§ Directions for this task: Only the lines from the start of the data through the line containing "At GN Enterprises, we" should be written out, exactly as they are, with both ends included and the pictures left out.

§ Data shown:
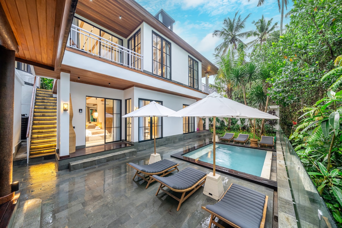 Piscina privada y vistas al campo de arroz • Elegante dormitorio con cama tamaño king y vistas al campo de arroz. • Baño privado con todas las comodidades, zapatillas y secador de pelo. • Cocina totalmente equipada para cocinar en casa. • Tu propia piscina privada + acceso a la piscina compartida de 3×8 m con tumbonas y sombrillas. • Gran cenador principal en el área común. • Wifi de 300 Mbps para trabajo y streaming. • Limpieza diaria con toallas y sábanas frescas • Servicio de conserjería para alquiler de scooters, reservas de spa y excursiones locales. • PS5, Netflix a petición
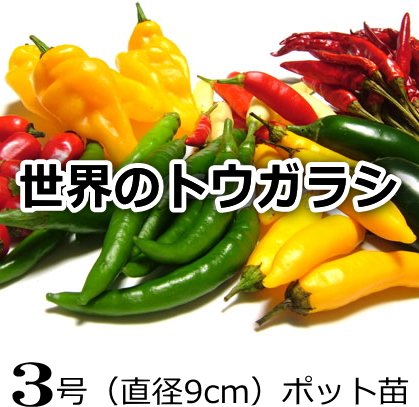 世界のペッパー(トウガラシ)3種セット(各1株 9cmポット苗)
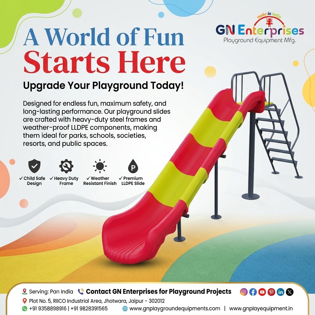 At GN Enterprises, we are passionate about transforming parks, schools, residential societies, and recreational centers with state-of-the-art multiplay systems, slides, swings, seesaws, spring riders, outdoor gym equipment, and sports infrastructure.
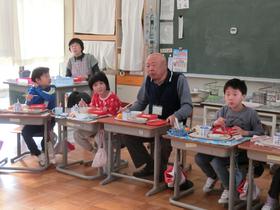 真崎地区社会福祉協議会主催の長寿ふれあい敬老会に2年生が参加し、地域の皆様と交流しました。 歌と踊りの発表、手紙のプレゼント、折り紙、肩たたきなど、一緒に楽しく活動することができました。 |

§ Task answer:
 Piscina privada y vistas al campo de arroz • Elegante dormitorio con cama tamaño king y vistas al campo de arroz. • Baño privado con todas las comodidades, zapatillas y secador de pelo. • Cocina totalmente equipada para cocinar en casa. • Tu propia piscina privada + acceso a la piscina compartida de 3×8 m con tumbonas y sombrillas. • Gran cenador principal en el área común. • Wifi de 300 Mbps para trabajo y streaming. • Limpieza diaria con toallas y sábanas frescas • Servicio de conserjería para alquiler de scooters, reservas de spa y excursiones locales. • PS5, Netflix a petición
 世界のペッパー(トウガラシ)3種セット(各1株 9cmポット苗)
 At GN Enterprises, we are passionate about transforming parks, schools, residential societies, and recreational centers with state-of-the-art multiplay systems, slides, swings, seesaws, spring riders, outdoor gym equipment, and sports infrastructure.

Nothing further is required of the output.